ALLEN: Well, I want to ask you Ann Louise, while we wrap up here -- I take it that since you've been so invested in Cuba, you will continue to report on things there, correct?

BARDACH: Well, certainly for the next couple of weeks, which I would think will be very telling, especially the next week through the burial, which in itself is loaded with significance, we can discuss another time, how that came about this particular cemetery, why and where.

It's funny because Fidel Castro repeatedly said to me in our interviews, I don't give a whit about what happens to me. I don't know, maybe I'll get eaten by a shark when I'm deep sea fishing. I don't care. I don't care about glory or my name in history.

Well, nothing could be further from the truth and he's been working on his death, his burial and the processions we will see for some time now.

ALLEN: All right. Well, we thank you --

BARDACH: And I will guarantee you it will be spectacular, interesting and compelling.

ALLEN: Thank you, Ann Louise Bardach. We really appreciate it and we look forward to your stories about it. Thanks for joining.

BARDACH: My pleasure.

VANIER: A real slice of history there.

ALLEN: Yes.

VANIER: Fascinating. ALLEN: Absolutely.

VANIER: Let's see what's happening in Miami where crowds celebrated anew Fidel Castro's for a second day. Dozens of people gathered in front of the Versailles Restaurant in Little Havana -- that's a long- time haunt of the Cuban exile community.

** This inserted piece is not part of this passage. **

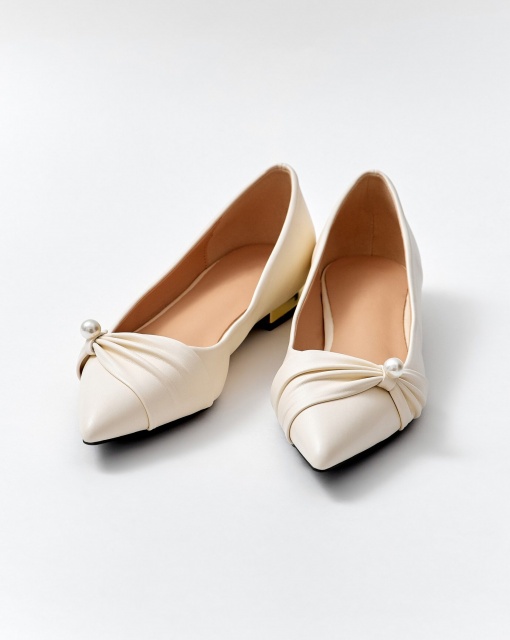 Белые лодочки с рельефным узором и объемным цветком на пятке, дополненным перьями и крупной жемчужиной — элегантное украшение образа.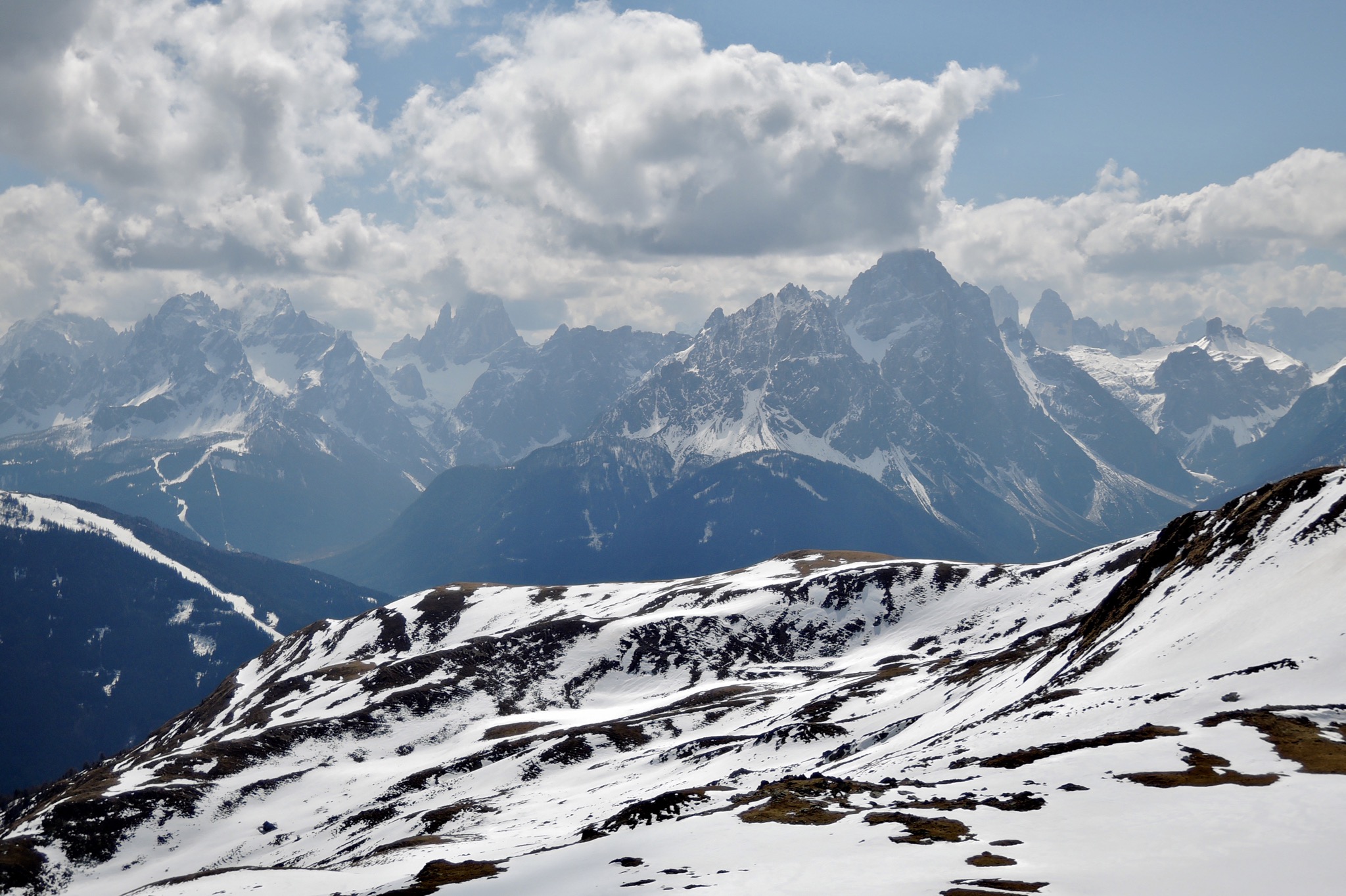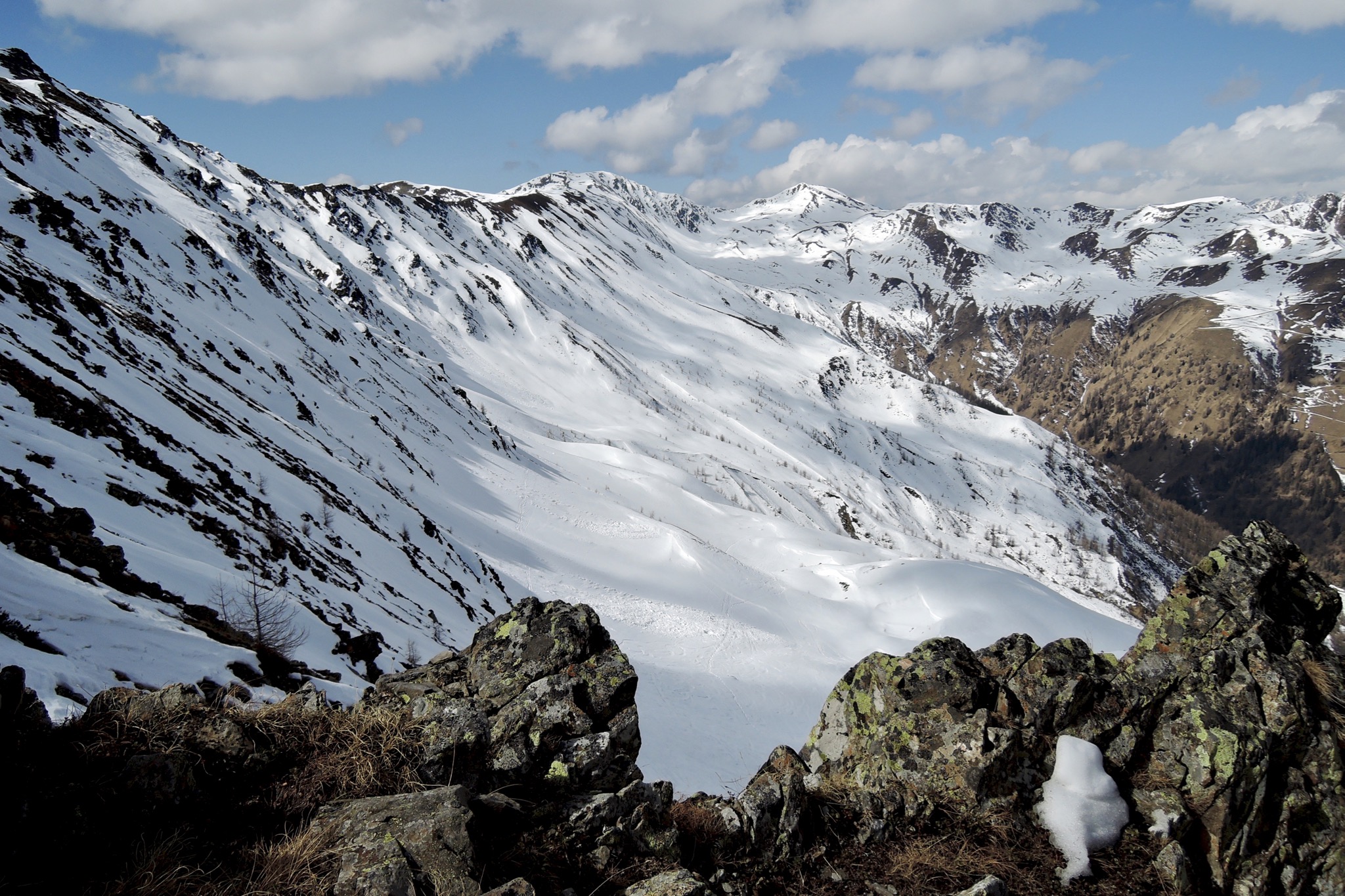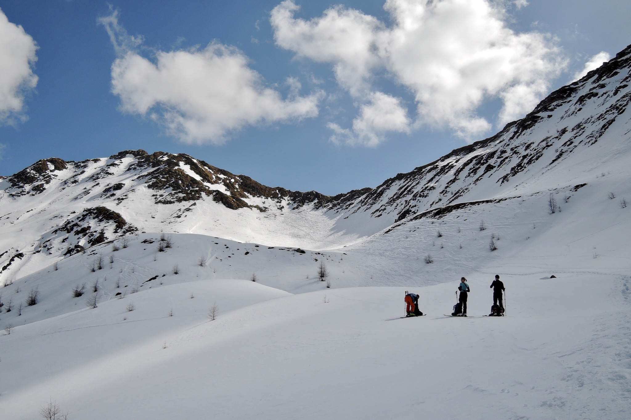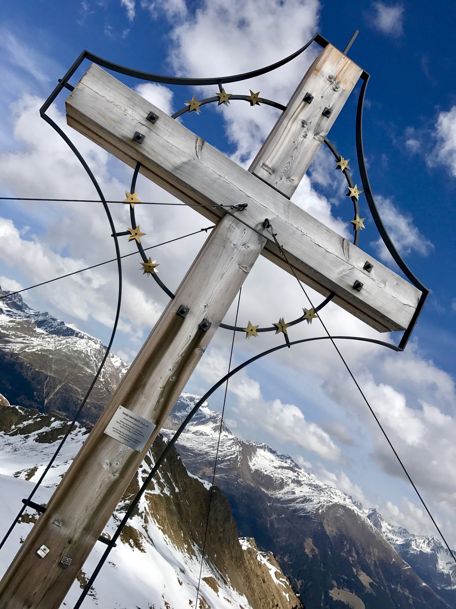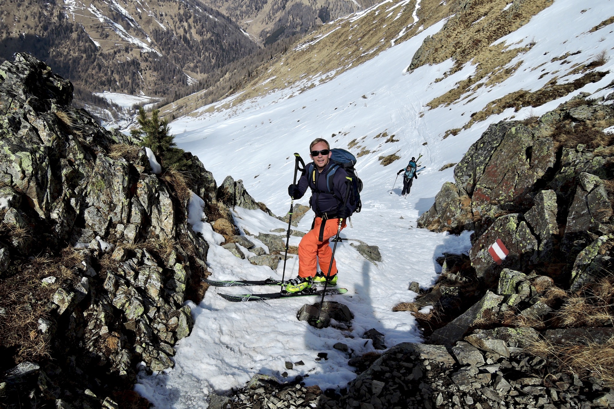 Sonstiges: Von der Alfenalm (1700m) in südlicher Richtung entlang des Alfenbachs, am Bankerl dann Richtung SO durchs sonnseitig apere Marchental bis unter die Marchenwand. Sodann Richtung O zum Gissertörl (2390m) hinüber gequert. Aus dem Schartl kommen ganze Horden, es muss wohl gut sein. Dort sehr steil hinauf, zuletzt Skier am Rucksack. Anschließend unschwierig dem Gratverlauf Richtung SW in einem weiten Linksbogen folgend zum neuen Gipfelkreuz des Marchkinkele (Cornetto di Confine, 2545m). Die Einheimischen haben ihr Bier dabei...

ALLEN: People danced, waved Cuban flags and cars honked in support of (inaudible). Many Cuban Americans in Miami hope democracy is the next step for Cuba.

(BEGIN VIDEO CLIP)

JOHNNY CARDONA, CUBAN-AMERICAN SHOP OWNER: I have no intent going back to Cuba. So not even to visit, unless -- unless the government falls or there is a little bit more democracy.

JACKIE LAGUNA, CUBAN-AMERICAN SHOP OWNER: Democracy needs to happen in Cuba. That's really it. They want democracy. What does any country want for their people? Democracy.

(END VIDEO CLIP)

VANIER: For reactions in Latin America now, how leaders across the continent react to Castro's death really depends on their politics and some have simply acknowledged that he was a towering figure of the 20th century without really praising him. Others continue to look up to him as their mentor.

ALLEN: CNN's Shasta Darlington reports for us from Rio de Janeiro about that.

(BEGIN VIDEOTAPE)

SHASTA DARLINGTON, CNN CORRESPONDENT: Fidel Castro was a charismatic but very controversial figure and that goes for Latin America as well. But perhaps here in this region more than anywhere else, he was also a larger-than-life idol during the 1970s and 1980s for many people when the military dictator seized control in many countries in South America.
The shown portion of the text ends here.